Sure enough on May 29, 1956, a large crowd of people materialized to watch the first attempted flight. “I’ll never forget it,” says Sutherland. “All the wheels were out there, my brass and the Navy brass, and it was just a great day. The first flight… was so easy that it seemed unreal.” GM-2001 became airborne after a 2.3 mile run down the lakebed. It flew like a dream. “From my standpoint it was a beautiful first flight,” says Engle, who flew as Baker pilot in a T-33 while Howard Mabey controlled the Reg II. “It roared down the lakebed, took off, and climbed out. We didn’t even retract the gear. We just kept it in afterburner and Howard did a superb job of keeping the speed right where the aerodynamicist had said to put it.” The missile climbed to nearly 11,000 feet, reaching a speed of 365 knots. After about 30 minutes, Mabey brought the bird down towards the lakebed for a high speed landing. The missile hit the deck, bounced back into the air and then settled resolutely on the ground. When it glided to a stop about a half-mile down range, team members had every reason to be ecstatic. The Regulus II had performed flawlessly. “It really was,” Sutherland remembers, “a piece of cake. In fact, it was the best day of my career.” The bar bill that night was pretty high, but the Vought brass picked it up. Their new weapon looked like a winner.
It had been a spectacular debut. In fact, the only difficulty encountered during the flight was that as expected, even with the J-65 engine, it was obvious that the bird was too fast and far too nimble to be chased properly by control aircraft. The missile’s abilities might have been a headache for the flight test coordinator – chase aircraft had to be continuously vectored in on intercept courses and the missile throttled back – but it boded well for the bird’s mission profile. Its chances of penetrating enemy airspace looked very good indeed.
By June, six successful flights had been attempted with GM-2001. The only significant problems encountered were with deteriorating tires (“We learned that everytime you’d take off from the lakebed you’d need a new set of tires,” notes Engle. “Landings were okay but takeoffs would tear the tread off”) and parabrake failures (“We shed a couple parachutes,” Engle comments. “Good thing we had the lakebed, because we could just shut the missile down and let it go. It took about four miles to stop!”)

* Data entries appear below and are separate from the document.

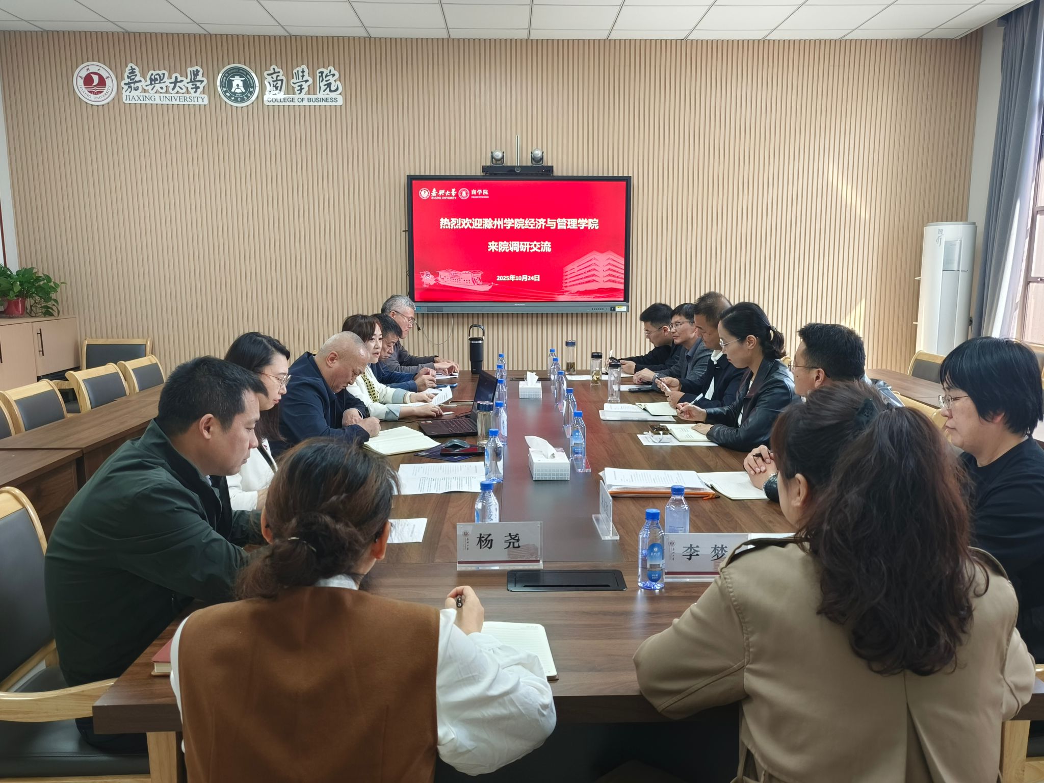 10月24日下午,滁州学院经济管理学院党委书记张悦、院长王琦一行来商学院调研交流。商学院院长李勇、党委书记虞岚、学术副院长智佳宁及相关负责人参加座谈。会议由李勇主持。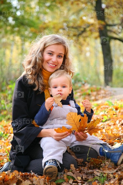 Мать с сыном в лесу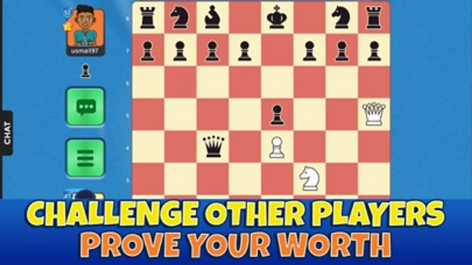 It doesn’t matter if you’re a beginner or a professional player, you can play either against the machine (AI) in the training mode or with other players of your level. Show your worth in the chess game!

During the seventh flight, GM-2001 successfully broke the sound barrier, reaching a speed of Mach 1.5 at 35,000 feet. This triumph was tempered by a horrific incident during the landing. With the engine in full afterburner and gear extended, the bird stalled and tumbled into the lakebed, and was a total loss. “We got the airplane back in enough pieces,” Sutherland remembers, “Where we could tell exactly what (the cause) was. There was a cold solder joint in a throttle servo that short circuited. And that failure caused the servo to go full throttle and all the way back to idle. It was one of those things. That servo was a closed unit that we’d gotten from a supplier and we’d never checked it.” Because the culprit was located quickly, and because the accident came at the end of a string of successful flights, the crash did little to the trajectory of the program, which was by now looking charmed. In fact, Sutherland actually remembers some peculiar thoughts going through his mind. “I remember worrying,” he laughs, “What are we going to do with all the extra test missiles? Because we’d had seven airframes, and here we’d made seven flights with just the first missile.”
In September, another supersonic flight occurred, with GM-2003. This was followed by the first high altitude flight – 56,000 feet at Mach 1.6 – in October. On November 7, a second high altitude flight took place with the same bird. After reaching Mach 1.8 and 43,000 feet, GM-2003 was commanded to perform a sharp right turn. The missile responded with a violent pitch up and then went into a steep, spinning dive and disappeared into the wastelands of the Pacific Missile Test Range. An extensive search ended up having to be conducted by Marines. Eventually, with the help of an old prospector who knew the area, the wreckage was located. Almost nothing was left, and that fact, coupled with an almost complete loss of telemetry data from the last moments of the flight, left George Sutherland and his engineers completely in the dark. Had the missile’s airframe failed, or was there another cause? No one had a clue.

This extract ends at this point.